Hamburg (dpa) –
Für seine Reportage «Du bist wie ein Vater für mich. Nicht so ein Arsch wie mein letzter» ist der Journalist Philipp Daum («Zeit») mit dem «Egon Erwin Kisch-Preis» ausgezeichnet worden. Er nahm den Stern-Preis am Abend in Hamburg entgegen.
Neun Tage lang begleitete Daum als Betreuer ein Abenteuercamp für Kinder von Eltern, die im Gefängnis sitzen. «Die Jugendlichen wissen, dass er seine Erlebnisse und ihre Geschichten mitschreibt. Er erwirbt ihr Vertrauen und wahrt dennoch Distanz», begründete die Jury ihre Entscheidung.
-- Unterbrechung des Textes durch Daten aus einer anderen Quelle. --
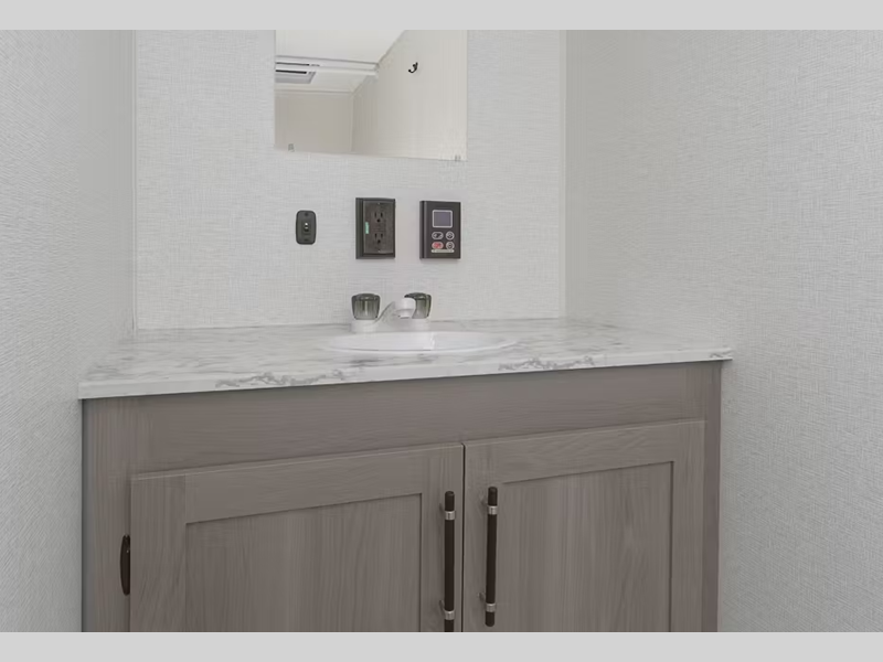 - Vanity storage base with sink and decorative mirror (select models)
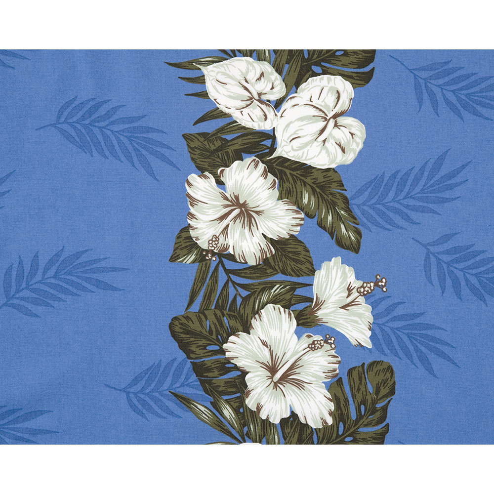 [広幅][ブロード]ヤシの葉のシルエット描いたブルー地に、布端から約35cmの所にハイビスカスのボーダー入った広幅プリント。ムームーやハワイアンドレス、インテリアなどに。
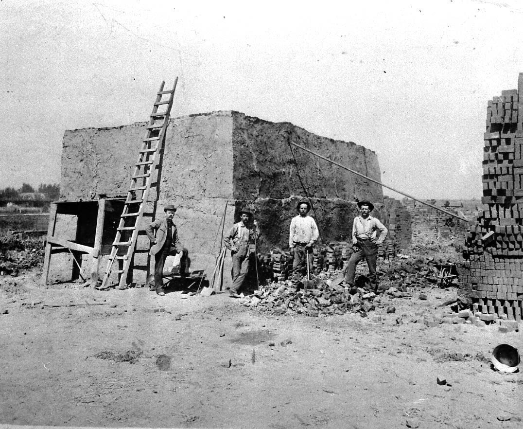 82 Kaysville Brick Yard Kiln Began 7 Apr 1890 L-R unknown, John Barker, Joe Bishop & Amos Bishop
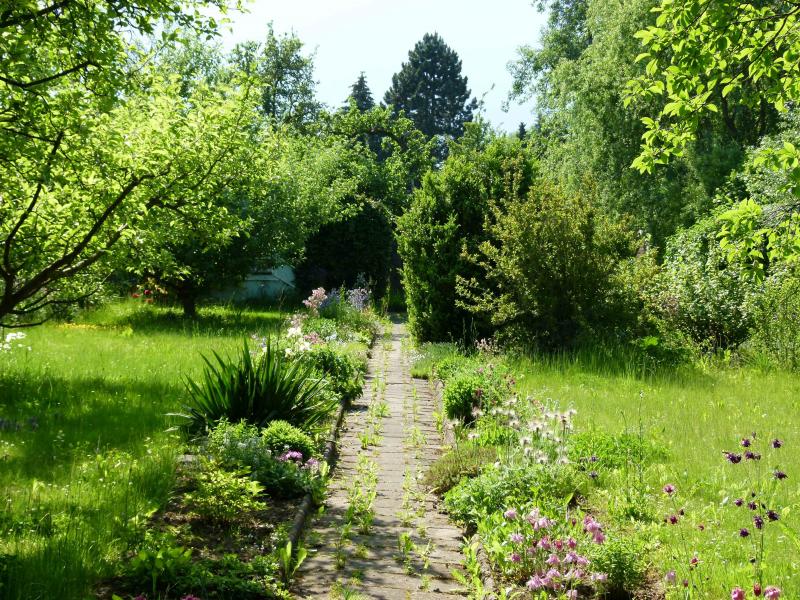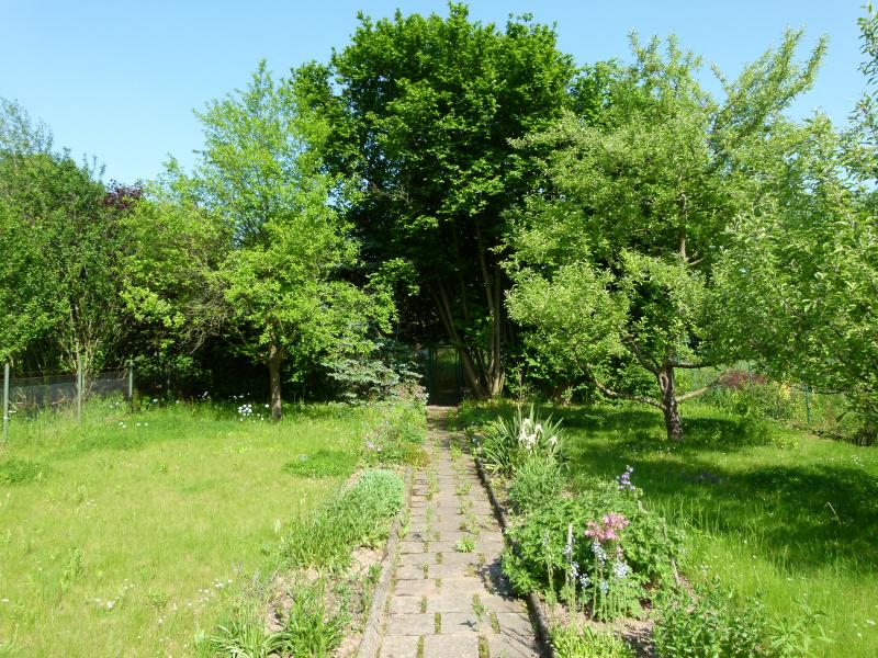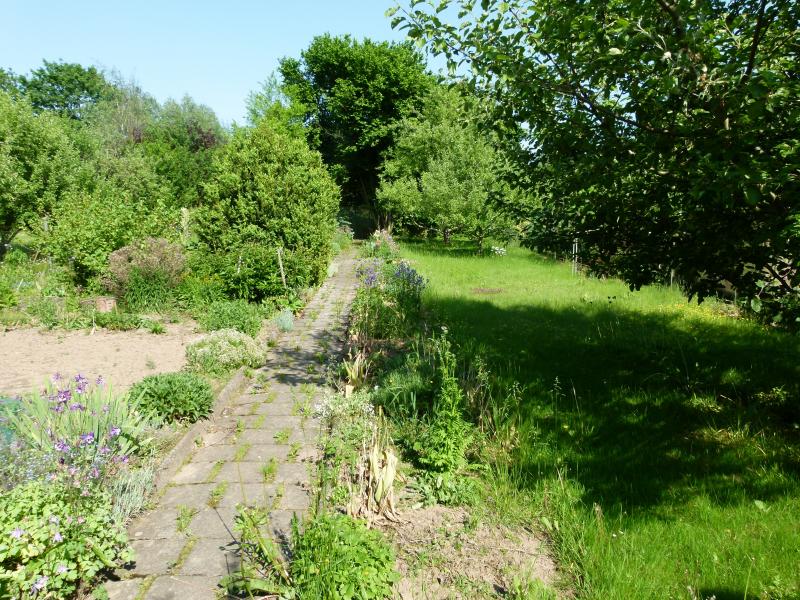 Ich habe den Garten 2012 ergattert. Er liegt nicht am Haus, sondern recht idyllisch am Stadtrand. Das Areal dort sind aber keine echten Schrebergärten, denn es gibt keine Nutzungsauflagen, es gilt lediglich das Nachbarschaftsrecht. So gibt es also durchaus hohe Bäume im Areal und die Gärten sind auch etwas größer als normale Schrebergärten. Mein Garten gehört leider zu den kleineren Parzellen im Areal und hat 600 qm, schmal und lang. Mein Garten war eigentlich klassisch wie ein Schrebergarten genutzt: langer Mittelweg, links des Weges die Apfelbäume, rechts Gemüse und Beerenobst plus etwas Rasen.
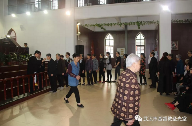 湖北武汉市基督教圣光堂2019年4月19日上午9点举行了受难日默想,冯念教师主礼,陈琴牧师分享《各各他山》,默想后举行圣餐礼,弟兄姊妹同领饼杯,纪念耶稣受难,感恩耶稣爱的救赎大工。
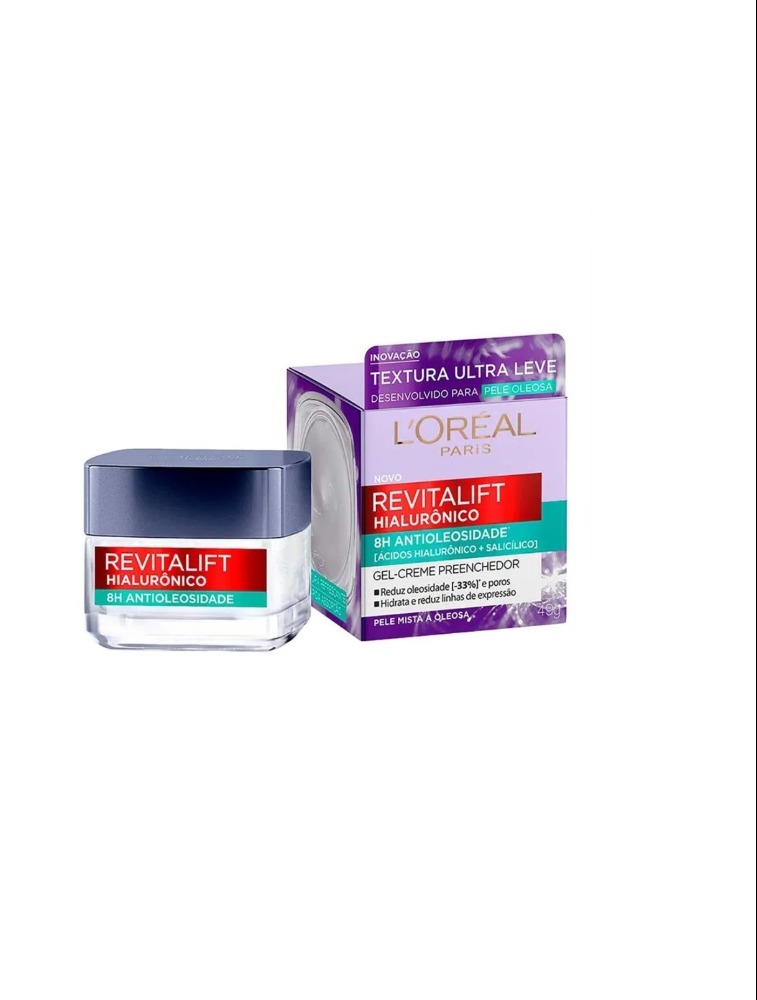 O Gel Creme Preenchedor Revitalift Hialurônico de L’Oréal Paris 8h Antioleosidade é um produto com fórmula ultraleve desenvolvida pelos laboratórios de L’ORÉAL para peles mistas a oleosas. Com dupla ação anti-idade + antioleosidade, preenche as linhas finas com hidratação e reduz visivelmente os poros, com 8H de controle de oleosidade. Testado por dermatologistas. Modo de Uso: Aplicar diariamente fazendo movimentos circulares ascendentes no rosto e pescoço previamente limpos.

In der Kategorie «Dokumentation» gewann Katrin Wegner mit ihrer Serie «Akutstation Psychiatrie» (ARD-Mediathek). Mehrere Wochen verbrachte die Autorin in einer psychiatrischen Klinik in Hessen, oft bis zu zehn Stunden am Tag. «Sie taucht ab in Beobachtungen und lange Gespräche, allein, ohne Kamerateam», heißt es in der Begründung der Jury. So sei ihr «eine Nahaufnahme von seltener Eindringlichkeit» gelungen.
«Vom Gerichtsberichterstatter zum Investigativreporter»
In der Kategorie «Lokal» gewann Journalist Erik Westermann mit einer Recherche für die «Braunschweiger Zeitung» in Kooperation mit «Der Spiegel»
zu einem großen Missbrauchsprozess, der sich als Justizirrtum entpuppte. Westermann habe sich «vom Gerichtsberichterstatter zum Investigativreporter» gewandelt und auch seine eigene Rolle hinterfragt, begründete die Jury.
Die «Fotogeschichte des Jahres» gelang Fotograf Emile Ducke mit einer Reise quer durch Syrien: In «Die Schatten des Sieges», erschienen in der Wochenzeitung «Die Zeit», fing er laut Jury «in diesem vom Bürgerkrieg zerstörten Staat den Raum zwischen Hoffnung und Angst, zwischen Freude und Brutalität» ein.
Mit ihrer Serie «Der Kinderpsychiater – Die Macht des Dr. Winterhoff» (ARD Mediathek) führte auch Nicole Rosenbach, die Preisträgerin in der Kategorie «Investigation», die Jury in die Welt der Psychiatrie. Ihr Bericht über den stark umstrittenen Arzt bringe Licht «in ein sonst verschlossenes System, dem vor allem Kinder im System der psychiatrischen Jugendhilfe ausgesetzt sind», hieß es.
Der Preis wird vom Magazin «Stern» gestiftet, unabhängige Jurymitglieder entscheiden. Die Zeitschrift zählte früher zum Verlagshaus Gruner + Jahr und inzwischen zu RTL Deutschland.
Die Auszeichnung Stern-Preis heißt traditionell eigentlich Nannen Preis. Er ist einer der wichtigsten Journalistenpreise in Deutschland. Wegen noch laufender Forschung rund um die Vergangenheit des «Stern»-Pioniers Henri Nannen im Nationalsozialismus wurde er zum vierten Mal als Stern-Preis vergeben.